In this episode of The Vitals, Stephanie Jackson, DNP, MSN, RN, AOCNS, BMTCN, discusses the treatment journey of a patient who required multiple lines of therapy for ALL.
It takes a special skillset for nurses to care for patients whose disease continues to relapse after multiple lines of therapy, shares Stephanie Jackson, DNP, MSN, RN, AOCNS, BMTCN.
“I tell my younger staff who aren’t used to seeing patients this sick, ‘even if that patient doesn’t survive, what an honor for us to be a part of their journey,’” she tells Oncology Nursing News®.
For this episode of The Vitals, Jackson, an oncology and bone marrow transplant clinical nurse specialist and unit director at UCLA Medical Center, recalls the story of a patient with acute lymphoblastic leukemia (ALL) who relapsed following treatment with induction chemotherapy and whose disease did not respond to blinatumomab (Blincyto). The team chose to give this patient an off-the-shelf CD22-directed CAR T-cell therapy—which was successful, until the patient ultimately relapsed 6 weeks later.

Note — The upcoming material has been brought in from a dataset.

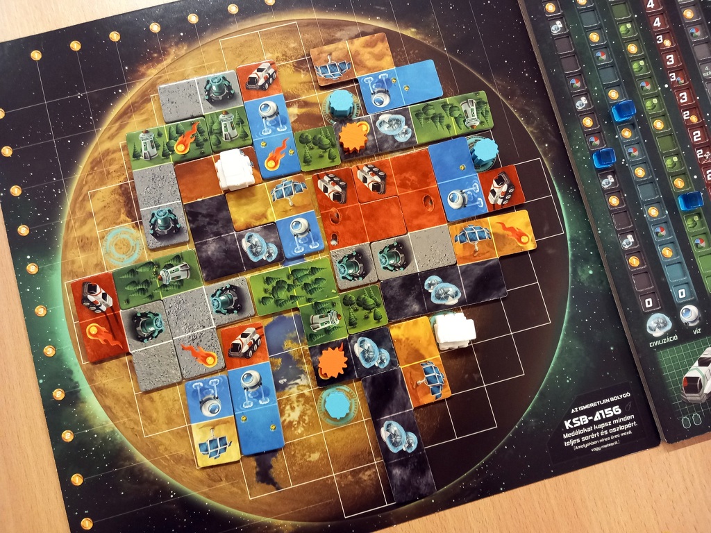 És a térkép az egyetlen dolog ami hasonló. Nekem mind a kettő meg van, hidd el tudom. Néz meg róla egy videót, van bőven. Tetrisz alakzatokkal kell különböző módon, tele pakolni a bolygót. Nem mindegy milyen színű egyes részei az alakzatnak, az alapján haladsz 4 különbözö sávon. Minden sort és oszlopot is be kell fejezni, csak akkor ér pontot. Plusz vannak CV kártyák amik pluszt adnak. Vannak még bázisok, meteoritok, amiket Roverekkel lehet össze szedni. Nagyából ennyi, biztos van még pár dolog, de így már lehet tájolni.

Jackson emphasizes how, in addition to his physical symptoms, this patient was burdened by worry for his family. As the primary breadwinner in a family with a 2-year-old daughter, he was stressed about how to continue caring for his family. Moreover, he grappled with a language barrier prevented the patient from understanding the complexity of the treatments that the team was prescribing for him. Therefore, Jacksons’ team had to find innovative ways to ensure that the patient, and his family, felt well supported throughout his treatment.
“The biggest challenge we had was [ensuring] his understanding of how sick he really was, the complexity of the treatment, and that he wouldn’t be able to go back to work right away,” she says.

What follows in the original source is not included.